Du logement le plus classique aux habitats les plus atypiques (Cité Radieuse, bidonvilles, Auroville, etc), les populations ont fait preuve d’inventivité pour adapter leurs modes de vie et leurs habitats aux nouvelles contraintes sanitaires engendrées par COVID-19.
Dans le 5ème élément, Luc Besson imaginait nos logements futurs comme des sortes de cabine de bateau en plastique qui se nettoyait automatiquement. Une réponse viable à nos nouveaux impératifs d’hygiène ?
Avec la pandémie du COVD-19, le monde extérieur redevient une menace tangible. De manière plus large, les impacts de l’anthropocène transforment notre rapport à l’habitat. Entre la pollution, les vagues de chaleur extrêmes ou les épidémies, nos foyers retrouvent leur fonction première : nous protéger.
Le monde du design est le premier à s’en être emparé, transformant nos objets du quotidien en agents décontaminants. Dans le cadre du projet spéculatif “Create Cures”, Franck Chou a imaginé une lampe stérilisante qui élimine les agents pathogènes de nos entrées en 60 secondes grâce aux ultraviolets.
Le rideau Gunrid est lui déjà disponible en magasin. Lancé par IKEA, il purifie l’air intérieur grâce à son revêtement à base de minéraux qui décomposent les polluants. Pas si bête quand on sait que l'Organisation mondiale de la santé a déclaré que l'intérieur de nos maisons était davantage pollué que l'extérieur.
Ce type de design est dit “inconscient”. Ces objets s’intègrent dans le quotidien des utilisateurs sans le bousculer. Quand sera-t-il quand les impacts du capitalocène seront devenus trop présents ?
À titre d'illustration paroxystique, le studio de design Superflux a créé "Mitigation of shock", une installation qui reproduit l'intérieur d'une maison en 2219. On peut par exemple y voir un kayak près de la porte, très utile pour faire les courses après l'inévitable montée des eaux. Des livres survivalistes sur les étagères aux plantes cultivées en micro-serres "do-it-yourself", Mitigation of shock nous montre une situation de logement axée sur les besoins et l'auto-suffisance, une forme de bunker "design".
Cette approche de nos habitats est “défensive”. Pourrions-nous construire des espaces de vie “proactifs”, ayant un impact positif sur notre environnement ?
Car la question de notre habitat doit aller au-delà d'une architecture des abris. Elle demande à ce que nous ré-évaluions nos interactions entre l’intérieur et l’extérieur. Littéralement.
Nous devons passer d’une logique de protection à une logique de symbiose. Philips Design a imaginé la maison microbienne dans cette optique. Au lieu d'avoir une maison totalement aseptisée, les designers adoptent une approche symbiotique de l'habitat où nos intérieurs deviennent des abris pour les bactéries positives.

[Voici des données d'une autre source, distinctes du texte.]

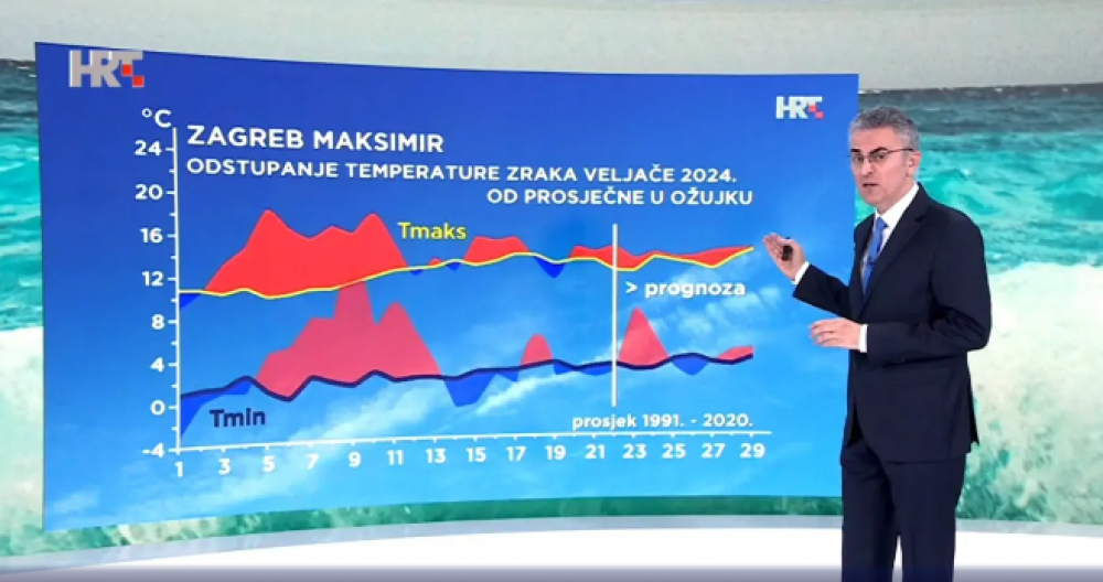 Samo malo niža u središnjoj Hrvatskoj, premda uz prevladavajuće oblačno vrijeme, te često umjeren, osobito u gorju i jak južni i jugozapadni vjetar. Povremena kiša vjerojatnija je popodne i osobito navečer.
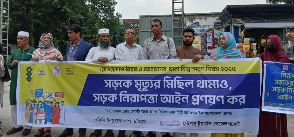 রোড ক্র্যাশে নিহত ও আহতদের স্মরণে বিশ্ব স্মরণ দিবস ২০২৫ উপলক্ষে চট্টগ্রামে এক মানববন্ধন অনুষ্ঠিত হয়েছে। “সড়কে মৃত্যুর মিছিল থামাও, সড়ক নিরাপত্তা আইন প্রণয়নের দাবিতে” এই স্লোগানে মানববন্ধনের আয়োজন করে স্টেপস টুয়ার্ডস ডেভেলপমেন্ট, পলিসি ইনফ্লুয়েন্স গ্রুপ–চট্টগ্রাম এবং ক্যাব চট্টগ্রাম। ২০২৫ সালের ২ ডিসেম্বর বিকেল ৩টা ৪৫ মিনিটে নগরীর জিইসি কনভেনশন হলের সামনে এ মানববন্ধন অনুষ্ঠিত হয়। অনুষ্ঠানে সভাপতিত্ব করেন পলিসি ইনফ্লুয়েন্স গ্রুপ চট্টগ্রামের সভাপতি, বিশিষ্ট কলামিস্ট মুহাম্মদ মুসা খান, এবং সঞ্চালনা করেন আইএসডিই–এর কর্মসূচি কর্মকর্তা রাইসুল ইসলাম। দিবসের ধারণাপত্র পাঠ করেন রাসেল উদ্দীন।
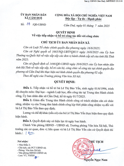 Quyết định tiếp nhận và bố trí công tác đối với bà Lê Thị Bảo YếnẨn danh01/07/2025A -A+Ẩn danh01/07/2025A -A+File đính kèmlê thị bảo yến.pdf
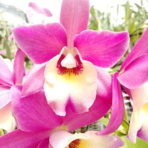 Lcn. Chien Ya Cranberry 'Pink Beauty' 鮮やかなピンクにクリームがかったリップの多花性中輪カトレアです❕ うまく作ればボール咲きしてくれそうです😁
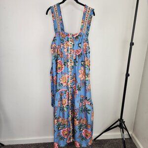 NWT Farm Rio Wonderful Bouquet Blue Sleeveless Maxi Dress Size Medium
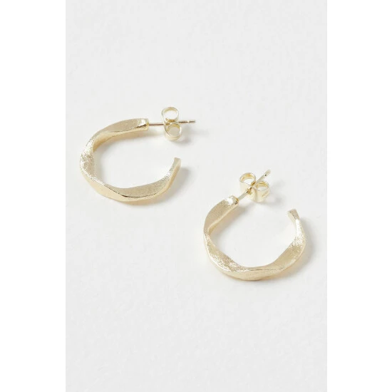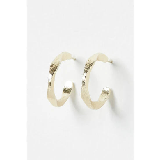 This pair of gold-plated hoop earrings come in a twisted structure, complete with stud backs.
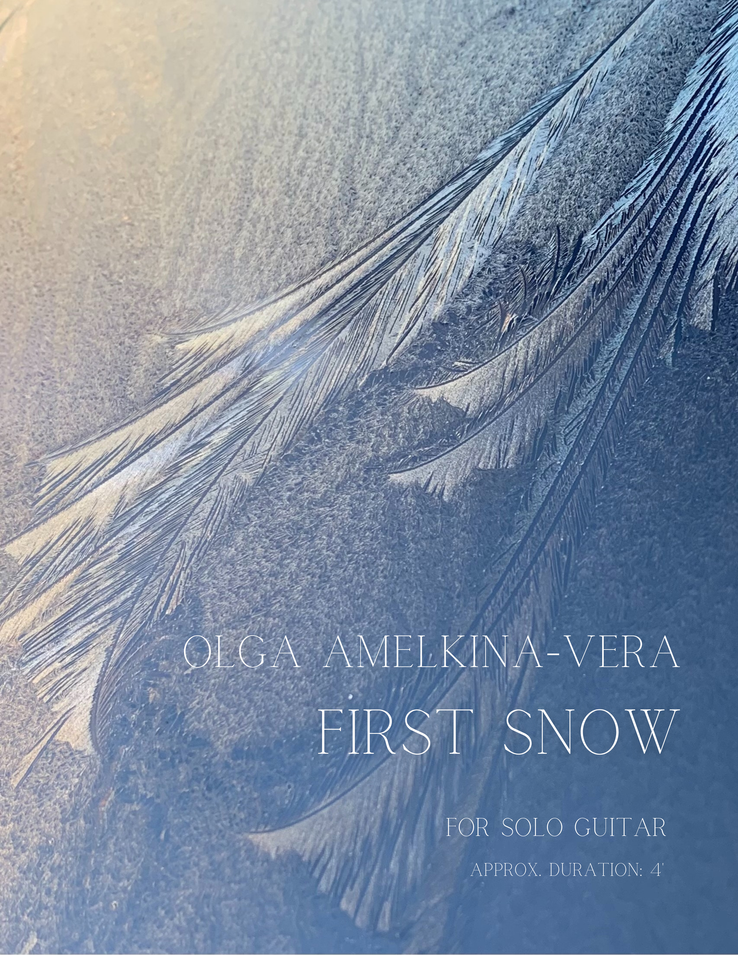 First Snow for solo guitar was commissioned in 2023 by Guitar Foundation of America for the GFA Spotlight Series. The piece was written for the young guitarist Vivian Wang, with whom I had the pleasure to work during the 2023 GFA Mentorship Program. Vivian's personality and playing style inspired this composition: a lyrical, jazzy first half leads into a lively section in the style of Brazilian samba. The title was meant to invoke the calmness and beauty of the first snowfall of the year, followed by children's rambunctious play outside in the snow.
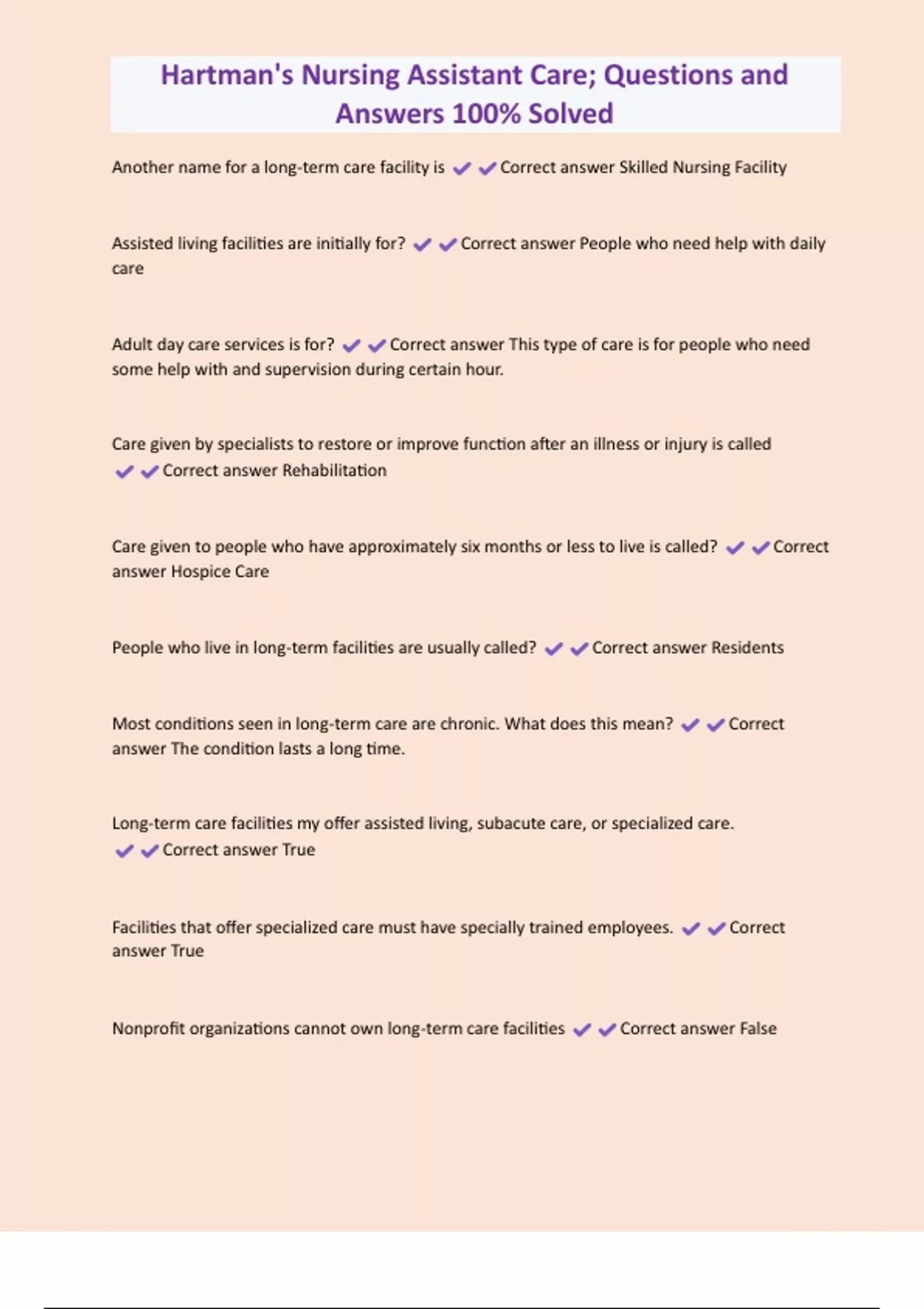 Hartman's Nursing Assistant Care; Questions and Answers 100% Solved Another name for a long-term care facility is Correct answer Skilled Nursing Facility Assisted living facilities are initially for? Correct answer People who need help with daily care Adult day care services is for? Correct answer This type of care is for people who need some help with and supervision during certain hour. Care given by specialists to restore or improve function after an illness or injury is called Correct answer Rehabilitation

Dans cette maison très organique, les déchets de cuisine se transforment en ressources énergétiques et la salle de bains se réinvente en oracle médicinal.
La tâche d'un architecte semblait être toujours la même : concevoir un espace pour les humains qui l'habitent. Mais les architectes ont maintenant une nouvelle tâche à accomplir : concevoir un espace pour TOUT ce qui l'habite. Comme les bactéries.
Il s’agit ici de faire plus que du design biophilique (intégration de la nature dans mon habitat) ou du biomimétisme (imitation des processus naturels). L’agence XTU architects parle d’architecture holocène, une architecture où nos espaces de vie sont des prolongements naturels de l’ecosystème ambiant.
Le COVID-19 fait ressurgir les conceptions survivalistes de l'habitat, transformant nos maisons en bunkers hygiénistes. Le réchauffement climatique semble condamner nos habitations à n'être que des refuges temporaires. Si paradoxale soit cette conclusion, notre survie va dépendre de notre capacité à ouvrir notre habitat vers l'extérieur, vers l'autre, vers la nature, vers les bactéries, et le transformer en ecosystème positif, résistant aux environnements versatiles et extrêmes.